DIRECTIONS: Reproduce exactly, and only, the lines of the material below running from the line bearing "Sparkly Draped Maxi Dress Red" through the line bearing "Le pull Aude". Leave any pictures out.

══ EXCERPTED DATA ══

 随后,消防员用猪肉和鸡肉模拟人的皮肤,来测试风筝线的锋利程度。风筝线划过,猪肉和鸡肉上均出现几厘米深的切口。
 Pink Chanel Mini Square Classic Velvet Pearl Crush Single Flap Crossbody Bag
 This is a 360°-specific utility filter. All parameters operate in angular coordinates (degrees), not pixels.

═══
══ EXCERPTED DATA ══

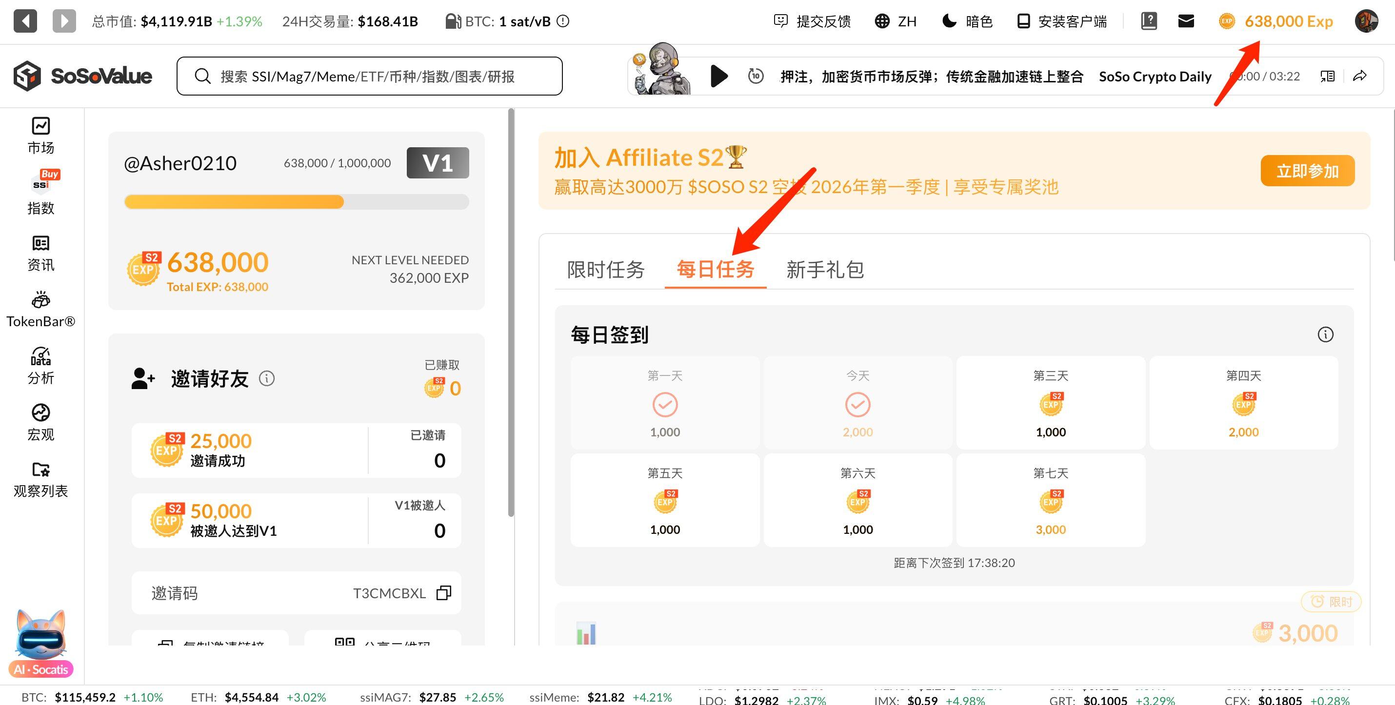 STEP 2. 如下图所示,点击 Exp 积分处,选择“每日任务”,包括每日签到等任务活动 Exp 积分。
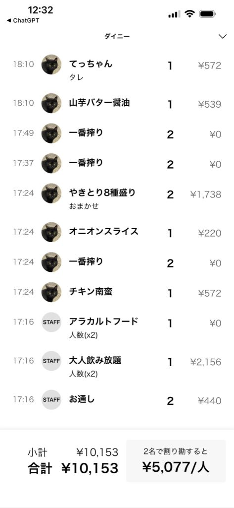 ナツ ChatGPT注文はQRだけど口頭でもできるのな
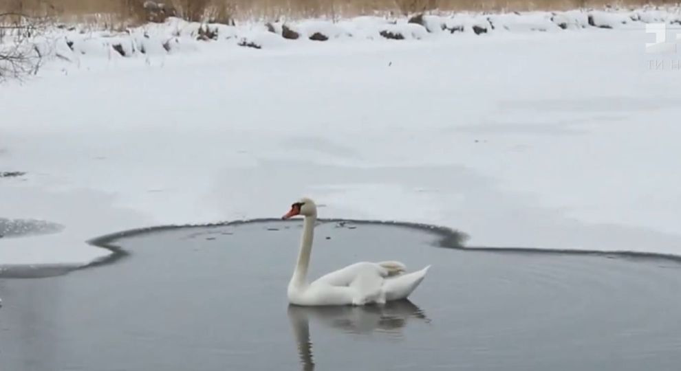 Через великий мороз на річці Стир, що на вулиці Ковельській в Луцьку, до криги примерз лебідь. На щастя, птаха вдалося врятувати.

═══
══ EXCERPTED DATA ══

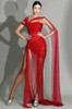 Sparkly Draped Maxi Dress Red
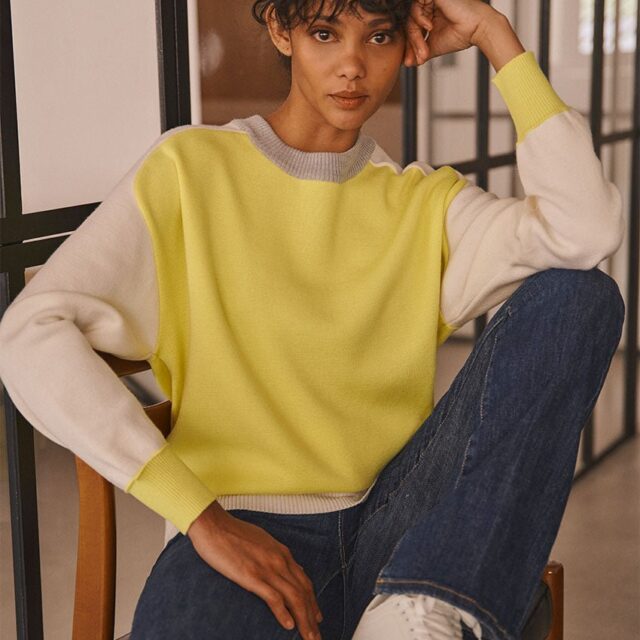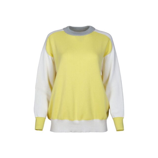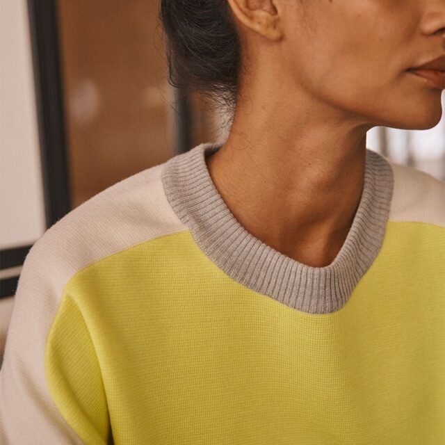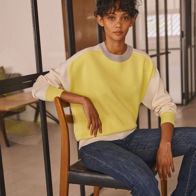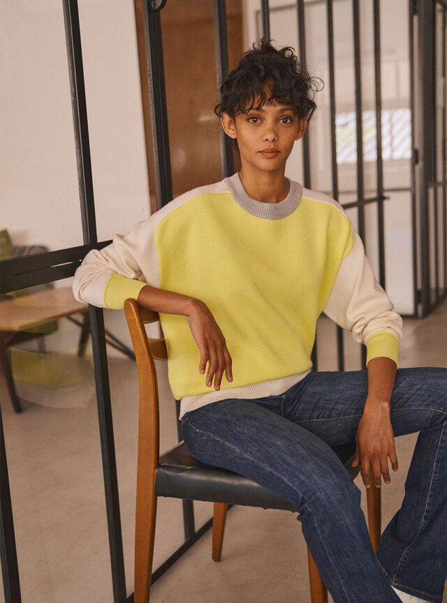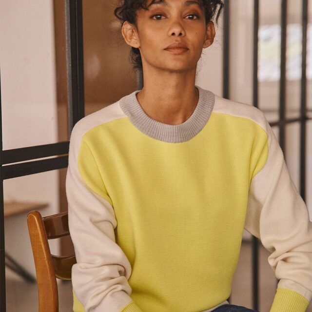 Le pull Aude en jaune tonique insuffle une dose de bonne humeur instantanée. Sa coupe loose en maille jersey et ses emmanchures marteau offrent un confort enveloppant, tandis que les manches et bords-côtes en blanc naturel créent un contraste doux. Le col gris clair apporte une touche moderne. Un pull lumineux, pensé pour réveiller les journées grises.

═══

EXERCISE RESULT:
 Sparkly Draped Maxi Dress Red
 Le pull Aude en jaune tonique insuffle une dose de bonne humeur instantanée. Sa coupe loose en maille jersey et ses emmanchures marteau offrent un confort enveloppant, tandis que les manches et bords-côtes en blanc naturel créent un contraste doux. Le col gris clair apporte une touche moderne. Un pull lumineux, pensé pour réveiller les journées grises.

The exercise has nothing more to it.